Their approach builds on recent advances in fragment-based, spectra-conditioned generative modelling for molecular structures, and introduces two key extensions:
(1) scaling up to a large chemical space using a recently proposed multimodal spectroscopic dataset of ~790k molecule-spectra pairs, including compounds with up to 35 heavy atoms and 9 distinct chemical species.
(2) designing a hierarchical, multi-spectral encoder that combines information from IR and NMR input spectra.
In addition, they are benchmarking transformer baselines that directly translate raw spectra into molecular representations (SMILES/SELFIES), providing systematic comparisons across different methodologies. Looking ahead, our system can be fine-tuned on experimental datasets of molecule-spectra pairs as they become available and has the potential to be deployed as a web interface where users can upload spectra and obtain candidate molecular structures.

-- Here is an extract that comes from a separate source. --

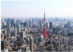
Tokyo, Japan, May 08, 2018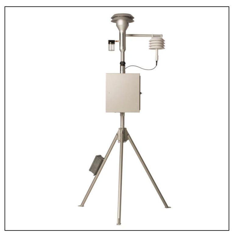
Figure 2. E-BAM instrument

Attenuation Mass Monitor or E-BAM ( Figure 2 ). It is a portable and battery device that provides real-time beta gauge comparable to U.S. EPA methods for PM10 particulate measurements. Other parameters for monitoring are dust particulates and temperature.

The ability and speed at which we are able predict new materials is continuously increasing. This identifies the need for new methods to accelerate the rate at which materials can move from ‘prediction’ to reality.
Here, we set out to develop an automated platform for reaction mechanism discovery employing multifidelity ML models that combine computational and spectroscopic data.
Imperial College London
Dr. Alex Ganose, Dr. Becky Greenaway, Prof. Kim Jelfs, Prof. Ruth Misener

Research Update 1
Researchers from the Departments of Chemistry and Computer Science at Imperial College London are leveraging multi-fidelity AI to accelerate the discovery of new catalytic systems and the understanding of reaction mechanisms. The team have developed a tailored data-driven pipeline focused on porous materials for catalysis, integrating high-throughput screening with reaction data curation, transfer learning and Bayesian optimisation\. By combining insights from in-house experiments with diverse external datasets, the researchers are optimising data-efficient AI models to identify improved conditions and emerging design principles for next-generation catalytic materials.